Thursday’s meeting included a public hearing on the project, and one resident, Rhonda Hill of the Lakewood Creek subdivision, asked a few questions. Hill’s house backs up to Route 30, and her back yard will face the soccer fields at the south end of the new Stuart Sports Complex.

Hill asked about whether the lights over the fields would be shut off at a certain time, and Jeff Palmquist, the park district’s director of planning development and grants, assured her they would be out by 11:15 each night. Hill asked about sound as well, and Palmquist said there would be landscaping and buffering to keep the noise down.

Commissioner Steve Jungermann asked if the park district might, in the future, look to revisit the original, more expansive plan, which would have seen 16 new soccer fields and eight new ballfields.

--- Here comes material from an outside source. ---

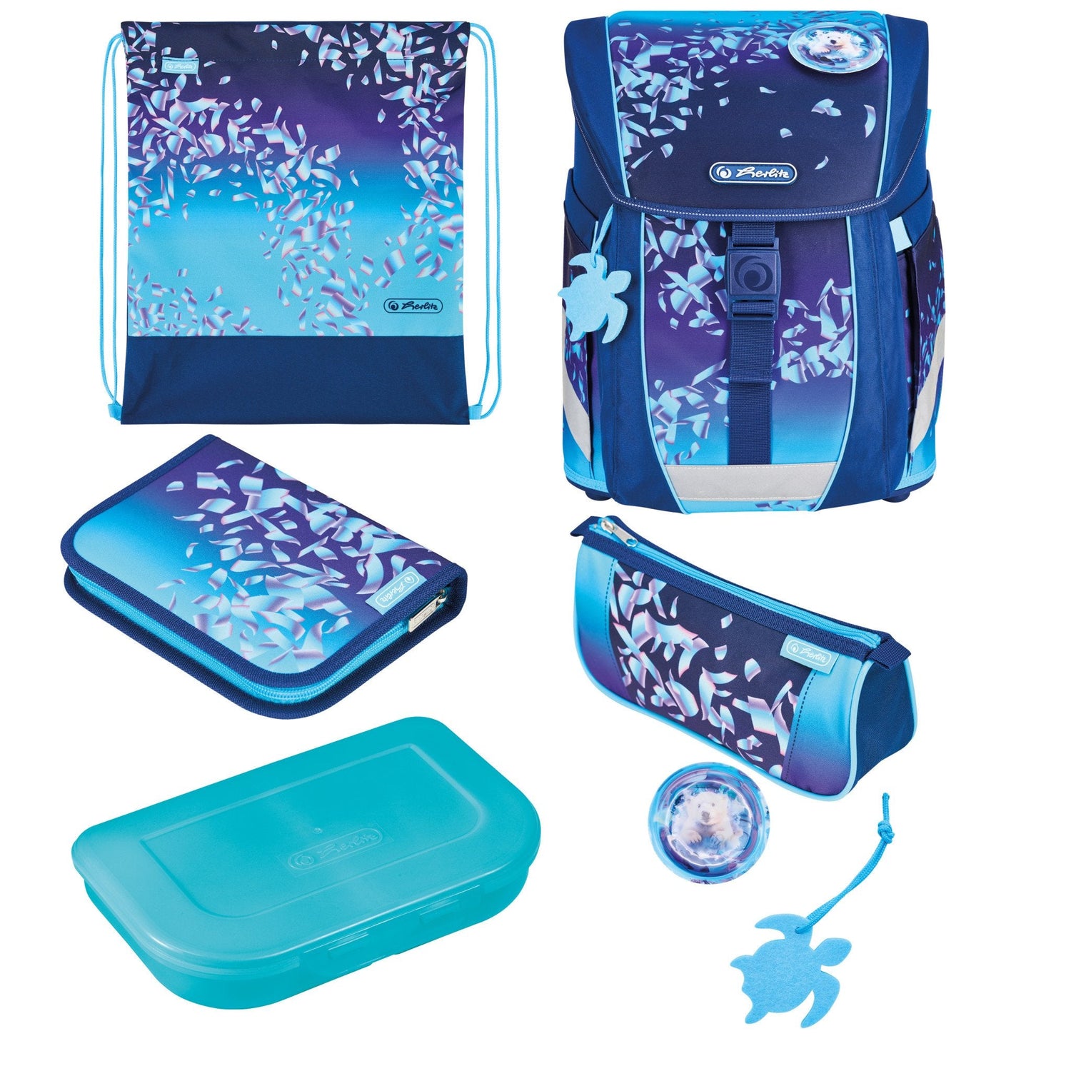 Herlitz FiloActive XL Plus Blue Ice. Juego de mochila escolar incluido: Caja para almuerzo, Estuche, Pencil pouch, Mochila escolar, Bolsa de deporte, Género recomendado: Chica, Edad escolar: Educación primaria. Ancho: 320 mm, Profundidad: 230 mm, Altura: 390 mm

Palmquist said their studies have shown that the area can support “two or three more fields at the most.”

The Village Board will get a look at the final plans at Tuesday’s Committee of the Whole meeting, and will likely vote on it at their Jan. 23 meeting.  

Thursday's Plan Commission meeting was also the first for new member Theresa Sperling, who replaces longtime member Clarence Bark, and the last for Jason Bragg, who has served for nine years. Bragg's fellow commissioners paid tribute to him at meeting's end, and Chairman Mildred McNeal-James summed up their thoughts: "You will be missed," she said.

Village President Marilyn Michelini is taking applications for the open Plan Commission seat until Friday. Those interested in applying should send a resume and cover letter by Jan. 20 to Michelini at 200 N. River St., Montgomery, IL  60538, or email it to michelini@ci.montgomery.il.us.

Stan Bond January 25, 2012 at 05:07 AM
Rhonda Hill, thank you for attending the meeting and adding your comments to the deliberation. I am sensitive also to the impact of this development on the immediate surrounding neighborhoods. I have worked to also have at least some land set-aside for non-league play where families can fly kites, launch model rockets -- just let the kids romp and play on well cushioned turf. This free-play area will likely be near the police station.